Institute of Biotechnology INBIOTEC, Parque Científico de León, 24006 León,1 Area of Microbiology, Faculty of Biology, University of León, 24071 León, Spain2
Received 4 December 2003/ Accepted 15 January 2004
Sequencing of the DNA region on the left fringe of the pimaricin gene cluster revealed the presence of a 3.6-kb gene, pimR, whose deduced product (1,198 amino acid residues) was found to have amino acid sequence homology with bacterial regulatory proteins. Database comparisons revealed that PimR represents the archetype of a new class of regulators, combining a Streptomyces antibiotic regulatory protein (SARP)-like N-terminal section with a C-terminal half homologous to guanylate cyclases and large ATP-binding regulators of the LuxR family.
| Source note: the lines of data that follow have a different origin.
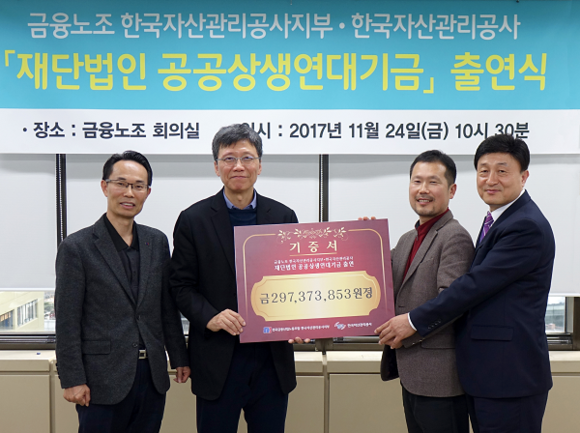 한국자산관리공사(캠코, 사장 문창용)는 24일 오전 전국금융산업노동조합에서 이우승 캠코 부사장, 김상형 캠코 노동조합 위원장, 이병훈 공공상생연대기금 재단 이사장, 허권 금융산업노동조합 위원장 등이 참석한 가운데, 캠코 직원들이 자율적으로 반납한 성과연봉제 인센티브 약 3억원을 공공상생연대기금 재단에 출연했다.
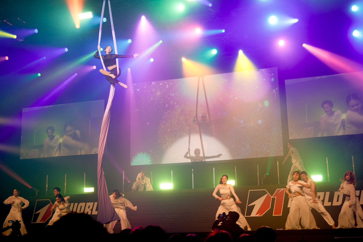 エアリアルパフォーマーの堀田聖奈さんと、この日のためにオーディションで選抜された社員たちが、会場をパフォーマンスで包みこみました。
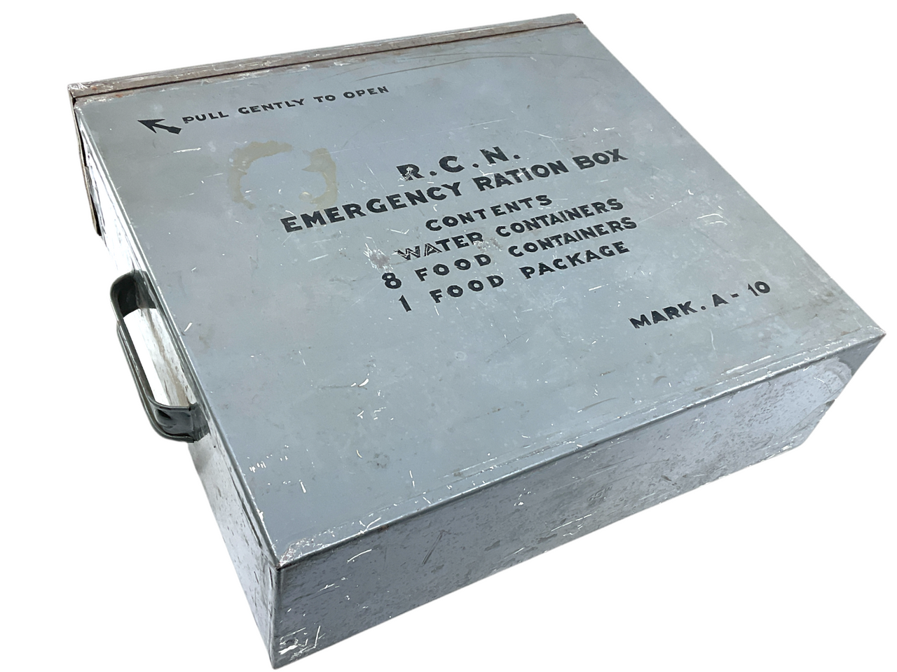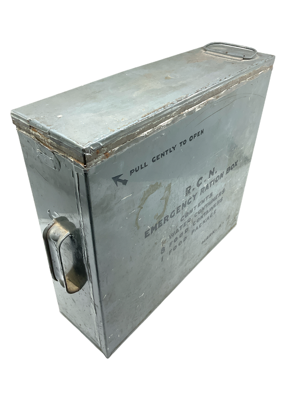 The ‘WW2 Canadian RCN Navy Emergency Ration Box GSW 1942 Dated’ is a significant historical artifact from the Second World War. This ration box was issued by the Royal Canadian Navy and contains emergency food supplies intended for naval personnel during critical situations. Manufactured in 1942 by General Steel Wares (GSW), a prominent Canadian company of the time, this box is a testament to the resourcefulness and preparedness of military logistics during wartime. The box itself, with its robust steel construction and dated markings, offers a tangible glimpse into the daily lives and survival strategies of Canadian sailors. Collectors and history enthusiasts will appreciate the authenticity and historical value of this wartime relic, symbolizing the endurance and resilience of those who served in the Canadian Navy during World War II.

Gene replacement of pimR from Streptomyces natalensis chromosome results in a complete loss of pimaricin production, suggesting that PimR is a positive regulator of pimaricin biosynthesis. Gene expression analysis by reverse transcriptase PCR (RT-PCR) of the pimaricin gene cluster revealed that S. natalensis
PimR shows no expression at all of the cholesterol oxidase-encoding gene pimE, and very low level transcription of the remaining genes of the cluster except for the mutant pimR gene, thus demonstrating that this regulator activates the transcription of all the genes belonging to the pimaricin gene cluster but not its own transcription.